Precautions during Oxidase Test

• Freshly prepared oxidase reagent must be used as it is unstable and it is easily auto-oxidized when exposed to light and air.
• The reagent should be kept in dark bottles and stored at low temperature to prevent early oxidation.
• Any reagent that has turned blue before use is discarded as it is already oxidized.
• Fresh cultures (18–24 hours) are selected because older cultures show reduced enzyme activity.
• Colonies from media containing excess glucose are not used as it is the major cause for false-negative reaction.
• Colonies grown on media with dyes like MacConkey or EMB are not selected because these interfere with the colour formation.
• Tellurite-containing media is also avoided in this test.
• The sample must be taken from well isolated colonies so that mixed cultures do not affect the result.
• Nichrome or steel loops are not used as these metals can catalyse oxidation of reagent giving false-positive reaction.
• Platinum or plastic loops or sterile wooden sticks are used for picking colonies in this step.
• The colour change must be read within the specific time (usually within 10–60 seconds) because colour after this time is due to auto-oxidation.
• Different reagents have different reaction times and these instructions must be followed as given.
• The oxidase reagent kills organisms so the colony is picked before reagent addition if further culture is required.
• Strict anaerobes are not tested because this enzyme system is not present in anaerobic organisms.
• The reagent is not flooded on the plate and only a few drops are used.
• Work is done carefully with PPE and inside safety cabinet if aerosols may occur.

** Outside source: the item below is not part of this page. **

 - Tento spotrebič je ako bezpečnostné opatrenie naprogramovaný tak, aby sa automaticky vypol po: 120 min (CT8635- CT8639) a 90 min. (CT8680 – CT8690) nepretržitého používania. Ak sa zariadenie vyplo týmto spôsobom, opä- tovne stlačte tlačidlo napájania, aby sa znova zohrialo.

Application of Oxidase Test

• It is used to differentiate the Enterobacteriaceae group which is oxidase-negative from other Gram-negative rods which are oxidase-positive.
• Non-fermenting Gram-negative rods like Pseudomonas aeruginosa are identified quickly because these organisms show strong oxidase activity.
• Neisseria and Moraxella species are identified by this test as these cocci give oxidase-positive reaction while Staphylococcus and Streptococcus are oxidase-negative.
• Curved rods like Vibrio cholerae, Campylobacter and Helicobacter are detected because these organisms show positive oxidase reaction.
• Some other genera like Aeromonas, Alcaligenes, Brucella and Pasteurella are also recognized due to their oxidase-positive nature.
• It is used for Gram-positive cocci where Micrococcus species is oxidase-positive while Staphylococcus species is oxidase-negative.
• A modified oxidase test is used with DMSO solution for distinguishing Micrococcus from Staphylococcus.
• It can help in the study of yeasts where Candida, Saccharomyces and Torulopsis show different oxidase reactions depending on the medium used.

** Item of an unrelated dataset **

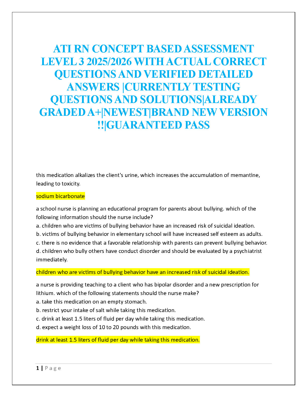 ATI RN Concept Based Assessment Level 3 Exam 2025/2026: Comprehensive Q&A Study Guide for a Guaranteed A+ First-Attempt Pass

Limitations of Oxidase Test

• The oxidase reagent is chemically unstable and it is easily auto-oxidized by light, heat or air which causes false-positive reaction.
• The reagent must be freshly prepared and stored in dark bottles because old reagent turns blue on its own.
• Iron containing loops like nichrome or steel are not used as these metals oxidize the reagent chemically and give false-positive results.
• Only inert loops like platinum, plastic or wooden sticks are suitable for transferring colonies.
• Colonies from media with high glucose concentration may show false-negative reaction because oxidase activity is suppressed.
• Media containing dyes like MacConkey or EMB are not used since these dyes interfere with the colour development.
• Old cultures do not show proper enzyme activity and these can give false-negative results.
• The colour change must be read within the fixed time because colour after that time is due to reagent oxidation in air.
• The reagent kills the organisms so the colonies tested cannot be used again for further culture or tests.
• This test is only a screening tool because it cannot identify an organism completely and further biochemical tests is needed.